Subgingival Bacterial Resistance in a Biofilm

Bacteria in the traditional in vitro culture environment are in a planktonic state. The result of this state is that these bacteria are immediately susceptible to factors such as antibiotic therapy. A protective measure that is utilized by dental bacteria is that of a biofilm formation. The biofilm community is initially formed through bacterial interactions with the tooth and then through physical and physiologic interactions among different species found within the microbial mass. It has been known for some time that bacteria growing in microbial communities are more resistant to antimicrobial therapy (Allison 1995).

Bacteria adopt a different phenotype when they adhere to a surface or interface and initiate biofilm formation. The resistance of biofilms to antibiotics can be seen as the expression of different sets of genes. The genes expressed in a biofilm differ from those expressed in the corresponding planktonic cell. A biofilm will not express a single phenotype, but their gene expression goes through a whole spectrum of changes as the community matures. As a result, the planktonic phenotype begins to emerge as the biofilm begins to shed mobile cells. By shedding these planktonic cells, the biofilm community can rid themselves of susceptible bacteria and thus become more resistant to antibiotics (Costerton 1999).

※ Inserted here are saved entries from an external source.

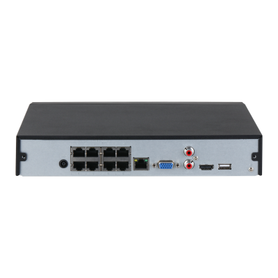 8-канальный IP-видеорегистратор с PoE, 4K, H.265+ и ИИ предназначен для построения высокопроизводительных интеллектуальных систем видеонаблюдения. Поддерживает входящий поток до 144 Мбит/с и запись видео с разрешением до 12 Мп. Оснащён 8 PoE/PoE+ портами (до 72 Вт) для прямого питания камер и отсеком под 1 HDD SATA III до 10 ТБ. Обеспечивает воспроизведение 4 каналов в Full HD или 1 канала до 12 Мп, имеет видеовыходы HDMI и VGA, гигабитный сетевой порт RJ45 и аудиовход/выход 1/1. Поддерживает ИИ-аналитику: распознавание лиц (до 10 баз и 5000 лиц), охрану периметра и SMD, а также расширенную аналитику с камер по нескольким каналам. Питание 53 В DC.
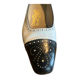 Vintage Ferragamo Square Toe Black and White Pumps Perfect Condition siz…
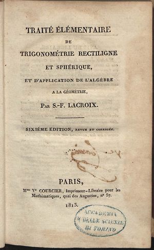 - "Traité du calcul différentiel et du calcul intégral", Chez Courcier, Paris, 1797-1798. (Revised in 1802 to a shortened version for classroom use. The shortened version was published in nine editions between 1802 and 1881.)

Biofilm studies also show a significance of structural and physiologic interactions between bacterial species. Bramanti studied F. Nucleatum in experimental mixed biofilm communities and found that the existence of this bacteria is beneficial to the high numbers of anaerobic species (P. Nigrescens and P. Gingivalis). The ability of F. Nucleatum to reduce the reduction-oxidation potential of its environment may provide a protective niche for other anaerobic species. By positive interactions between species of bacteria in the biofilm, the bacteria are able reduce the effect of antimicrobials by overpopulation.

A third method which could explain the resistance of bacteria in a biofilm has to do with gene transfer. Wang and associates examined S. Gordonii and T. Denticola in dental biofilms and noted that S. Gordonii was capable of transferring a gene responsible for resistance to erythromycin to T. Denticola. As a result, both bacteria were now resistant to erythromycin, an antibiotic commonly used to treat periodontal disease. By use of gene transfer among bacteria that reside in the biofilm, the community can become more resistant to antibiotic therapy.

Due to the resistance developed by bacteria in a biofilm, it is imperative to remove the biofilm daily. Techniques such as brushing, flossing, and regular trips to the dentist can reduce the accumulation of bacteria and formation of a biofilm. The results of a well developed biofilm are cavities and periodontal disease, both of which can ultimately lead to tooth loss.